What you are asked to do |
Return all of the data below verbatim and exclude every picture.

"""

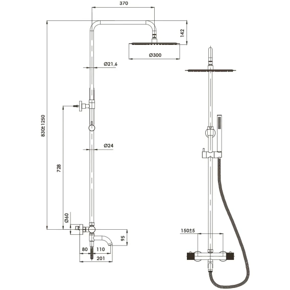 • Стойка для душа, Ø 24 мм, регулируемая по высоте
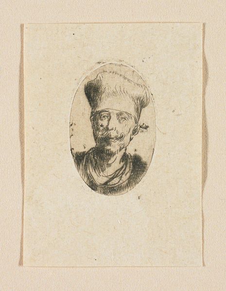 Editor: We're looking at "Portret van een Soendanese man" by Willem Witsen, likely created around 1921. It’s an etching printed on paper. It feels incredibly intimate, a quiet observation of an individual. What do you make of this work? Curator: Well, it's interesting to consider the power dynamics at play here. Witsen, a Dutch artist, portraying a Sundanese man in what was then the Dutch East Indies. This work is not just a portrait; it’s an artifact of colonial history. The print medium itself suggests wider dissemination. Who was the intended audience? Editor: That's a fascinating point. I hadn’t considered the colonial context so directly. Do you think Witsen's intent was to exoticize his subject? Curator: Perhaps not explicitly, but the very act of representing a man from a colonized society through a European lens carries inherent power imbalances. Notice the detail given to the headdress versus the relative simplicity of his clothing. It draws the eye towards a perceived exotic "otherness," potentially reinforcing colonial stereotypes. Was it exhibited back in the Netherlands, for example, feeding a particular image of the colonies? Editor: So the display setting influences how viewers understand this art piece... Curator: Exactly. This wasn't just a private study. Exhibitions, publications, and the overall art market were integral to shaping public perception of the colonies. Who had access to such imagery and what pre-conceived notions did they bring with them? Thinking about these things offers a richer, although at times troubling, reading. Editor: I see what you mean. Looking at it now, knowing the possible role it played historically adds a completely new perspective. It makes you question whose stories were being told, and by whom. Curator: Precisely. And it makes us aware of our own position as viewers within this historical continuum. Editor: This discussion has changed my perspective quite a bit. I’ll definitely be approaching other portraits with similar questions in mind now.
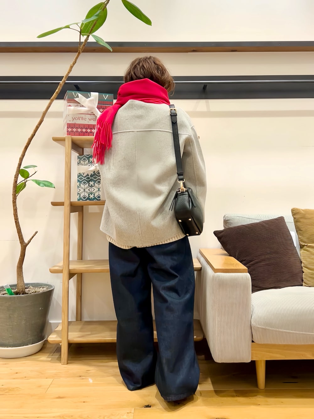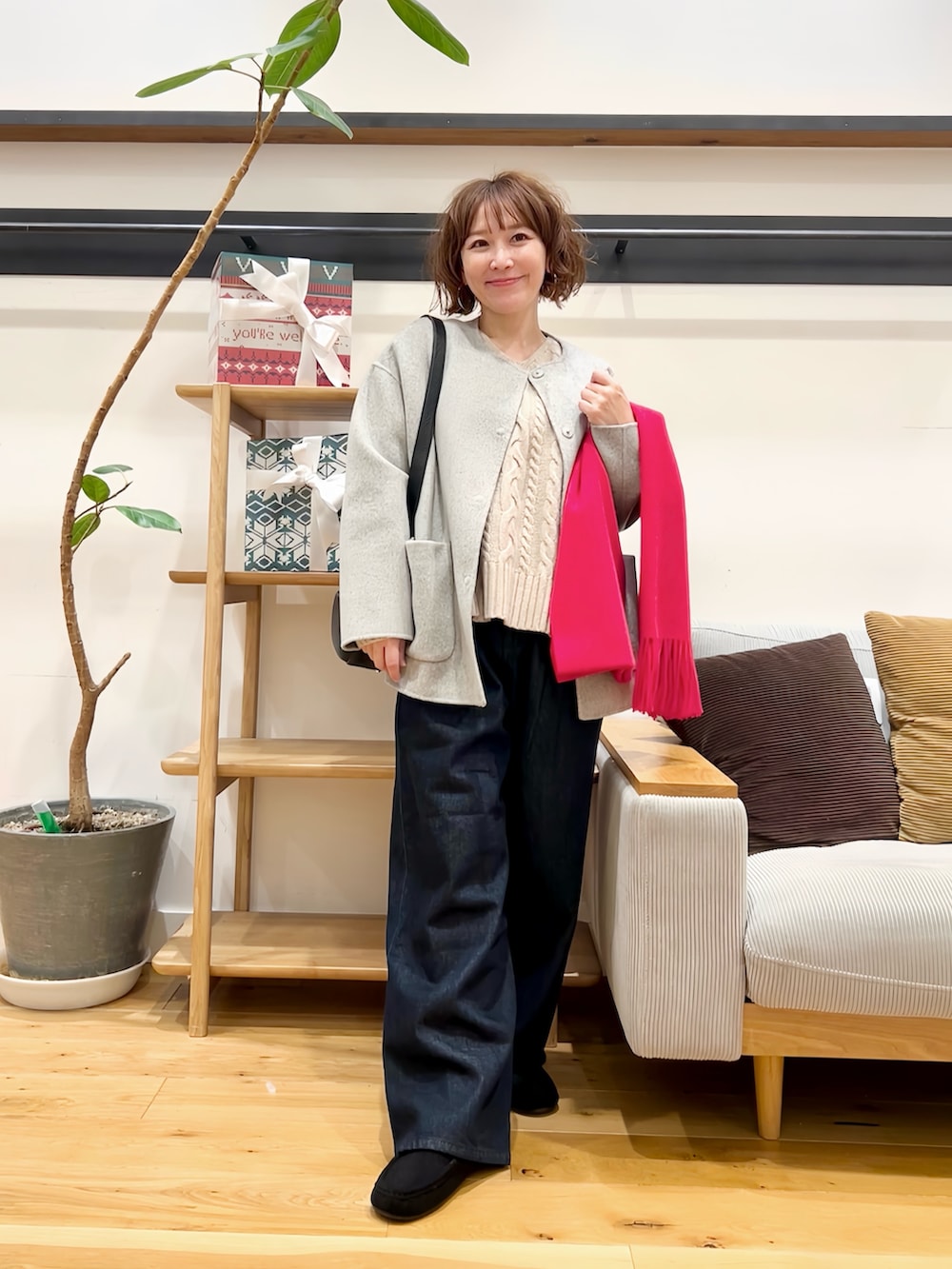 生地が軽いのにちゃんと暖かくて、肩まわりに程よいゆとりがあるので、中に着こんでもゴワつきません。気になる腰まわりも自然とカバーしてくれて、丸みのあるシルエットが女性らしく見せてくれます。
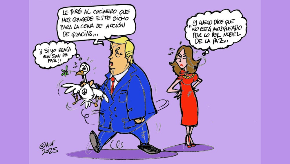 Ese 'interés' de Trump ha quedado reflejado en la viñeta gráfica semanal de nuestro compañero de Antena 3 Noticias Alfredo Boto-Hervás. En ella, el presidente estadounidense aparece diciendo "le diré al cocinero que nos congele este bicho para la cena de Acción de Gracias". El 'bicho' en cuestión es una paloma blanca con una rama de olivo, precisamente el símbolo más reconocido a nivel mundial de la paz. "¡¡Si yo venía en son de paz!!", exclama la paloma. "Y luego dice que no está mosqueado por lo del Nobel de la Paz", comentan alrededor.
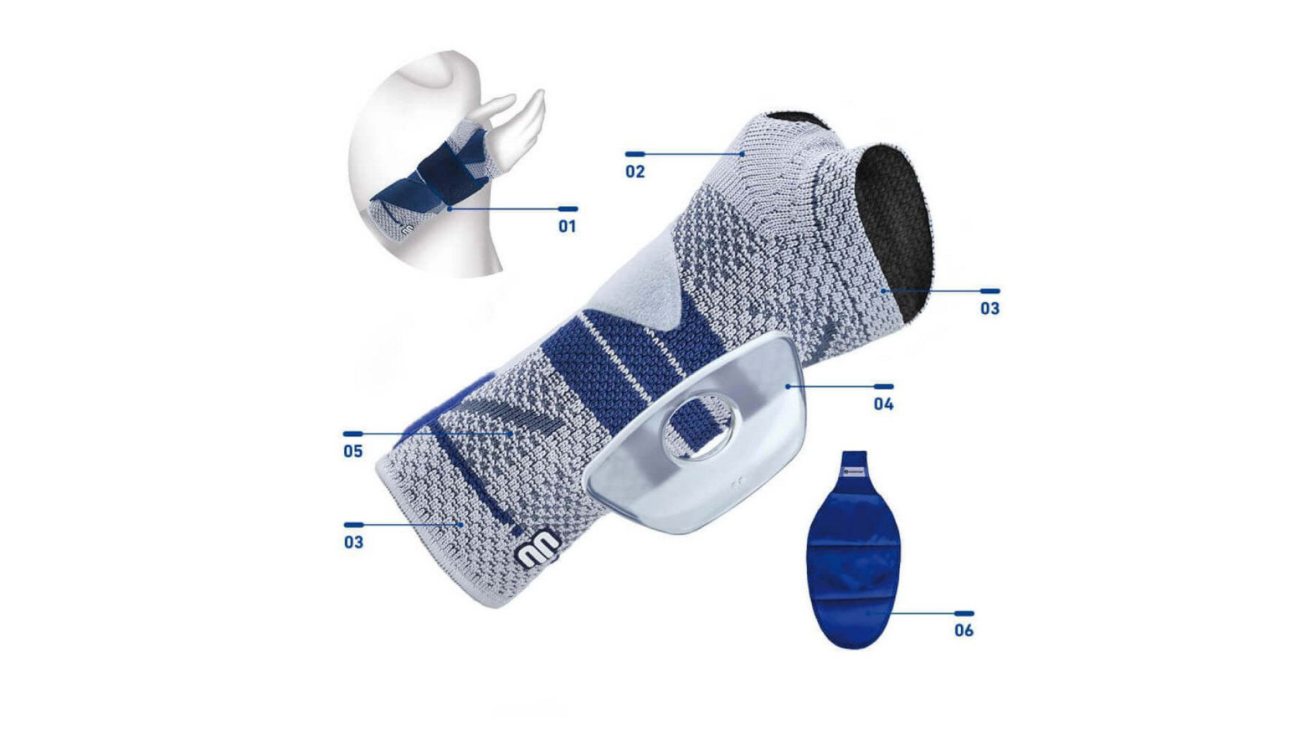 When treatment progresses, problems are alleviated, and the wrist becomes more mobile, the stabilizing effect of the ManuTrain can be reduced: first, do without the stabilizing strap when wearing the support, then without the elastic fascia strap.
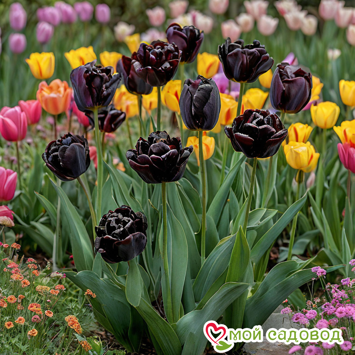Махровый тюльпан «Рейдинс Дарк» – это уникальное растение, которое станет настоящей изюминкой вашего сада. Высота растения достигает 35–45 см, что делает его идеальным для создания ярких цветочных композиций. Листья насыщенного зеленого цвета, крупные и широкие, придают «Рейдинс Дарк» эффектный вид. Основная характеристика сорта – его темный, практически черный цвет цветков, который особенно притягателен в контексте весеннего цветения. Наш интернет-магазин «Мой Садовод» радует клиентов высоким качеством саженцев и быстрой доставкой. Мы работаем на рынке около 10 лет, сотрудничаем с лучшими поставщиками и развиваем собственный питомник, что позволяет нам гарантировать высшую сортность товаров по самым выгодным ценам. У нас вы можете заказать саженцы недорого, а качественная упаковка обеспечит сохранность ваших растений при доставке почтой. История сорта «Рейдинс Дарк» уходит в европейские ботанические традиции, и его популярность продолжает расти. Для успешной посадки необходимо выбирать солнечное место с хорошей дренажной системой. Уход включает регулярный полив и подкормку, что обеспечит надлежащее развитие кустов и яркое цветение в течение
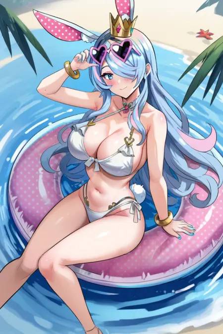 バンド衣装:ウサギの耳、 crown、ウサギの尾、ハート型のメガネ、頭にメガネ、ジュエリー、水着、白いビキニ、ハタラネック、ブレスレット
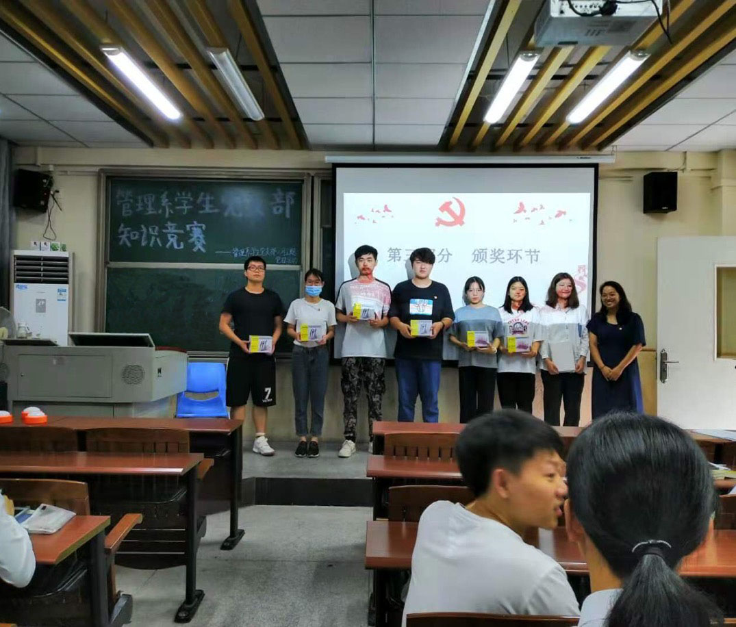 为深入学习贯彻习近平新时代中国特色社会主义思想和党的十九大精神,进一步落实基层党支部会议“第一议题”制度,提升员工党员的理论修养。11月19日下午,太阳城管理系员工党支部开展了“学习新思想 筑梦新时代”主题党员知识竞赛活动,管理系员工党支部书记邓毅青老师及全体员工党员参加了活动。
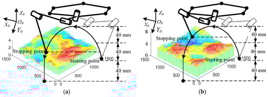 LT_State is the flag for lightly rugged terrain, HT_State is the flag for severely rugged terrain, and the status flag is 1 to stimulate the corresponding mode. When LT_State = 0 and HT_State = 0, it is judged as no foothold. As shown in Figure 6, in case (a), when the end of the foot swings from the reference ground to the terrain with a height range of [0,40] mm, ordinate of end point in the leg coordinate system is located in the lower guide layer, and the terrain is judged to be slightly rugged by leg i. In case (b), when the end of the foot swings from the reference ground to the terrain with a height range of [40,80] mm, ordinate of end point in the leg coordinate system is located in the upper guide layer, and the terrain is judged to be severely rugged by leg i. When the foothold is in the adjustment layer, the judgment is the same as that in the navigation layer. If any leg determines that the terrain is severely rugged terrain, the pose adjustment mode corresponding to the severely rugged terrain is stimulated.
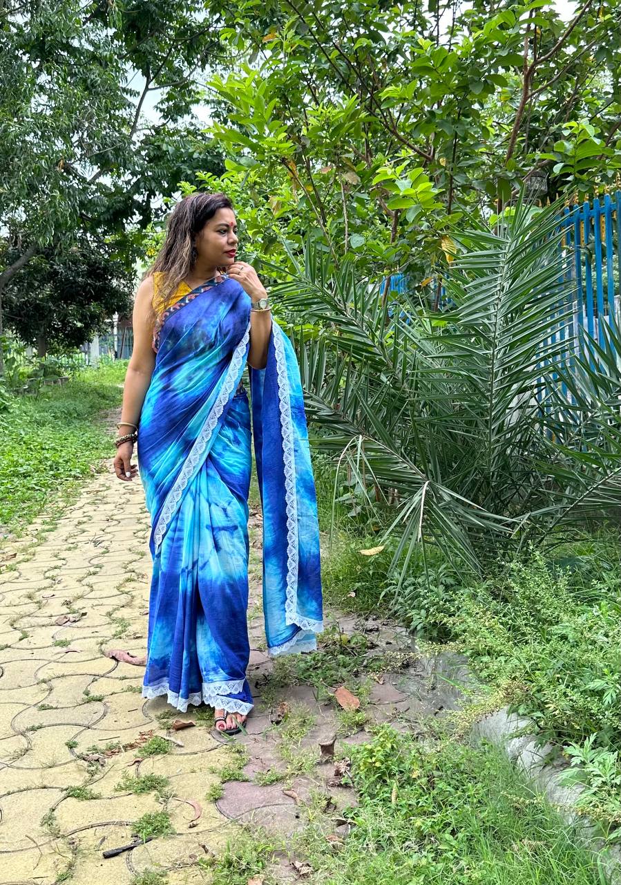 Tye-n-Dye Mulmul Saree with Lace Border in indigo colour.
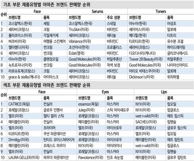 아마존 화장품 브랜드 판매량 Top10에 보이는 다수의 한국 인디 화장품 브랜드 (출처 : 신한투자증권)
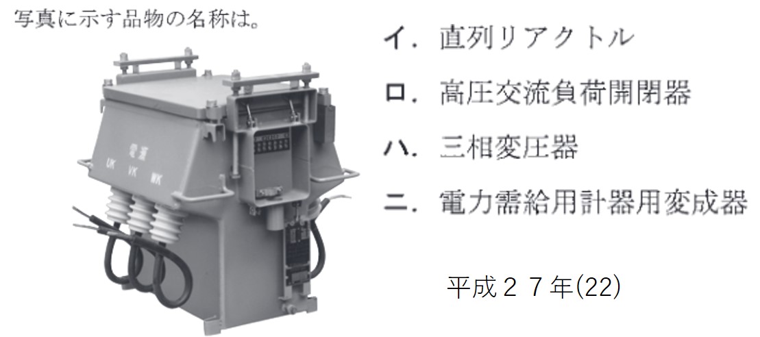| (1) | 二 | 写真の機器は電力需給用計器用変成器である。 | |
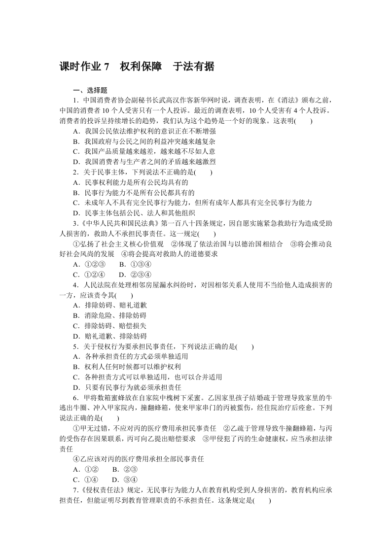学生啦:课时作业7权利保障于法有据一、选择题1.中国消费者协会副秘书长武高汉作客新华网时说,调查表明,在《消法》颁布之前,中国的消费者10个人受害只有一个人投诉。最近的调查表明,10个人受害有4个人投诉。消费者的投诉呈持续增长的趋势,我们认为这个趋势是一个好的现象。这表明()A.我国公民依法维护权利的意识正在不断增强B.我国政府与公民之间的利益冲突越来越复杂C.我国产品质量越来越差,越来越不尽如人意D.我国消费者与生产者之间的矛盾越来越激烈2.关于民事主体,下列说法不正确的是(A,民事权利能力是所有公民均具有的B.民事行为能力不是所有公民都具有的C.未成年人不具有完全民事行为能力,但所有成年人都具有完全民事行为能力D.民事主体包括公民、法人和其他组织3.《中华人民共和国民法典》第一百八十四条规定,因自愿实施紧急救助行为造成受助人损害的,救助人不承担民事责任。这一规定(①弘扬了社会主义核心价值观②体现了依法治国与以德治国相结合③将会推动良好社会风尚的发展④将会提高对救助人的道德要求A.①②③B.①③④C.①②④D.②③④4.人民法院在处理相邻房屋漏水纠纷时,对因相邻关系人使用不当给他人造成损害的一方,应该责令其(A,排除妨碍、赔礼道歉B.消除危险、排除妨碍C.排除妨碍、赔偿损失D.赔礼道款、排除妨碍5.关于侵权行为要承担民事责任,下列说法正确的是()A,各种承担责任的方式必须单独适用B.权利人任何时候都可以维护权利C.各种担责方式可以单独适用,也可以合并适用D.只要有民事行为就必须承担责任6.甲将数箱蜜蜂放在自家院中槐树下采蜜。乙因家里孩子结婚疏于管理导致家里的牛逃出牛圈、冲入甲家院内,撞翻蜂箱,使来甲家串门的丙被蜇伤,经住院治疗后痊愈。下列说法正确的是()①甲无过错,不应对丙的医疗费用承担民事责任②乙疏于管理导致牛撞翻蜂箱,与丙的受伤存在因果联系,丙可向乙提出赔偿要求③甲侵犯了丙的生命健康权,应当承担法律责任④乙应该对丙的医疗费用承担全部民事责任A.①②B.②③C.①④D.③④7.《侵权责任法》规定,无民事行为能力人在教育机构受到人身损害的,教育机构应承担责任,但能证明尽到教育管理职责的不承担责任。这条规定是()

"""

Written reply |
 • Стойка для душа, Ø 24 мм, регулируемая по высоте
 Editor: We're looking at "Portret van een Soendanese man" by Willem Witsen, likely created around 1921. It’s an etching printed on paper. It feels incredibly intimate, a quiet observation of an individual. What do you make of this work? Curator: Well, it's interesting to consider the power dynamics at play here. Witsen, a Dutch artist, portraying a Sundanese man in what was then the Dutch East Indies. This work is not just a portrait; it’s an artifact of colonial history. The print medium itself suggests wider dissemination. Who was the intended audience? Editor: That's a fascinating point. I hadn’t considered the colonial context so directly. Do you think Witsen's intent was to exoticize his subject? Curator: Perhaps not explicitly, but the very act of representing a man from a colonized society through a European lens carries inherent power imbalances. Notice the detail given to the headdress versus the relative simplicity of his clothing. It draws the eye towards a perceived exotic "otherness," potentially reinforcing colonial stereotypes. Was it exhibited back in the Netherlands, for example, feeding a particular image of the colonies? Editor: So the display setting influences how viewers understand this art piece... Curator: Exactly. This wasn't just a private study. Exhibitions, publications, and the overall art market were integral to shaping public perception of the colonies. Who had access to such imagery and what pre-conceived notions did they bring with them? Thinking about these things offers a richer, although at times troubling, reading. Editor: I see what you mean. Looking at it now, knowing the possible role it played historically adds a completely new perspective. It makes you question whose stories were being told, and by whom. Curator: Precisely. And it makes us aware of our own position as viewers within this historical continuum. Editor: This discussion has changed my perspective quite a bit. I’ll definitely be approaching other portraits with similar questions in mind now.
 生地が軽いのにちゃんと暖かくて、肩まわりに程よいゆとりがあるので、中に着こんでもゴワつきません。気になる腰まわりも自然とカバーしてくれて、丸みのあるシルエットが女性らしく見せてくれます。
 Ese 'interés' de Trump ha quedado reflejado en la viñeta gráfica semanal de nuestro compañero de Antena 3 Noticias Alfredo Boto-Hervás. En ella, el presidente estadounidense aparece diciendo "le diré al cocinero que nos congele este bicho para la cena de Acción de Gracias". El 'bicho' en cuestión es una paloma blanca con una rama de olivo, precisamente el símbolo más reconocido a nivel mundial de la paz. "¡¡Si yo venía en son de paz!!", exclama la paloma. "Y luego dice que no está mosqueado por lo del Nobel de la Paz", comentan alrededor.
 When treatment progresses, problems are alleviated, and the wrist becomes more mobile, the stabilizing effect of the ManuTrain can be reduced: first, do without the stabilizing strap when wearing the support, then without the elastic fascia strap.
Махровый тюльпан «Рейдинс Дарк» – это уникальное растение, которое станет настоящей изюминкой вашего сада. Высота растения достигает 35–45 см, что делает его идеальным для создания ярких цветочных композиций. Листья насыщенного зеленого цвета, крупные и широкие, придают «Рейдинс Дарк» эффектный вид. Основная характеристика сорта – его темный, практически черный цвет цветков, который особенно притягателен в контексте весеннего цветения. Наш интернет-магазин «Мой Садовод» радует клиентов высоким качеством саженцев и быстрой доставкой. Мы работаем на рынке около 10 лет, сотрудничаем с лучшими поставщиками и развиваем собственный питомник, что позволяет нам гарантировать высшую сортность товаров по самым выгодным ценам. У нас вы можете заказать саженцы недорого, а качественная упаковка обеспечит сохранность ваших растений при доставке почтой. История сорта «Рейдинс Дарк» уходит в европейские ботанические традиции, и его популярность продолжает расти. Для успешной посадки необходимо выбирать солнечное место с хорошей дренажной системой. Уход включает регулярный полив и подкормку, что обеспечит надлежащее развитие кустов и яркое цветение в течение
 バンド衣装:ウサギの耳、 crown、ウサギの尾、ハート型のメガネ、頭にメガネ、ジュエリー、水着、白いビキニ、ハタラネック、ブレスレット
 为深入学习贯彻习近平新时代中国特色社会主义思想和党的十九大精神,进一步落实基层党支部会议“第一议题”制度,提升员工党员的理论修养。11月19日下午,太阳城管理系员工党支部开展了“学习新思想 筑梦新时代”主题党员知识竞赛活动,管理系员工党支部书记邓毅青老师及全体员工党员参加了活动。
 LT_State is the flag for lightly rugged terrain, HT_State is the flag for severely rugged terrain, and the status flag is 1 to stimulate the corresponding mode. When LT_State = 0 and HT_State = 0, it is judged as no foothold. As shown in Figure 6, in case (a), when the end of the foot swings from the reference ground to the terrain with a height range of [0,40] mm, ordinate of end point in the leg coordinate system is located in the lower guide layer, and the terrain is judged to be slightly rugged by leg i. In case (b), when the end of the foot swings from the reference ground to the terrain with a height range of [40,80] mm, ordinate of end point in the leg coordinate system is located in the upper guide layer, and the terrain is judged to be severely rugged by leg i. When the foothold is in the adjustment layer, the judgment is the same as that in the navigation layer. If any leg determines that the terrain is severely rugged terrain, the pose adjustment mode corresponding to the severely rugged terrain is stimulated.
 Tye-n-Dye Mulmul Saree with Lace Border in indigo colour.
 아마존 화장품 브랜드 판매량 Top10에 보이는 다수의 한국 인디 화장품 브랜드 (출처 : 신한투자증권)
| (1) | 二 | 写真の機器は電力需給用計器用変成器である。 | |
学生啦:课时作业7权利保障于法有据一、选择题1.中国消费者协会副秘书长武高汉作客新华网时说,调查表明,在《消法》颁布之前,中国的消费者10个人受害只有一个人投诉。最近的调查表明,10个人受害有4个人投诉。消费者的投诉呈持续增长的趋势,我们认为这个趋势是一个好的现象。这表明()A.我国公民依法维护权利的意识正在不断增强B.我国政府与公民之间的利益冲突越来越复杂C.我国产品质量越来越差,越来越不尽如人意D.我国消费者与生产者之间的矛盾越来越激烈2.关于民事主体,下列说法不正确的是(A,民事权利能力是所有公民均具有的B.民事行为能力不是所有公民都具有的C.未成年人不具有完全民事行为能力,但所有成年人都具有完全民事行为能力D.民事主体包括公民、法人和其他组织3.《中华人民共和国民法典》第一百八十四条规定,因自愿实施紧急救助行为造成受助人损害的,救助人不承担民事责任。这一规定(①弘扬了社会主义核心价值观②体现了依法治国与以德治国相结合③将会推动良好社会风尚的发展④将会提高对救助人的道德要求A.①②③B.①③④C.①②④D.②③④4.人民法院在处理相邻房屋漏水纠纷时,对因相邻关系人使用不当给他人造成损害的一方,应该责令其(A,排除妨碍、赔礼道歉B.消除危险、排除妨碍C.排除妨碍、赔偿损失D.赔礼道款、排除妨碍5.关于侵权行为要承担民事责任,下列说法正确的是()A,各种承担责任的方式必须单独适用B.权利人任何时候都可以维护权利C.各种担责方式可以单独适用,也可以合并适用D.只要有民事行为就必须承担责任6.甲将数箱蜜蜂放在自家院中槐树下采蜜。乙因家里孩子结婚疏于管理导致家里的牛逃出牛圈、冲入甲家院内,撞翻蜂箱,使来甲家串门的丙被蜇伤,经住院治疗后痊愈。下列说法正确的是()①甲无过错,不应对丙的医疗费用承担民事责任②乙疏于管理导致牛撞翻蜂箱,与丙的受伤存在因果联系,丙可向乙提出赔偿要求③甲侵犯了丙的生命健康权,应当承担法律责任④乙应该对丙的医疗费用承担全部民事责任A.①②B.②③C.①④D.③④7.《侵权责任法》规定,无民事行为能力人在教育机构受到人身损害的,教育机构应承担责任,但能证明尽到教育管理职责的不承担责任。这条规定是()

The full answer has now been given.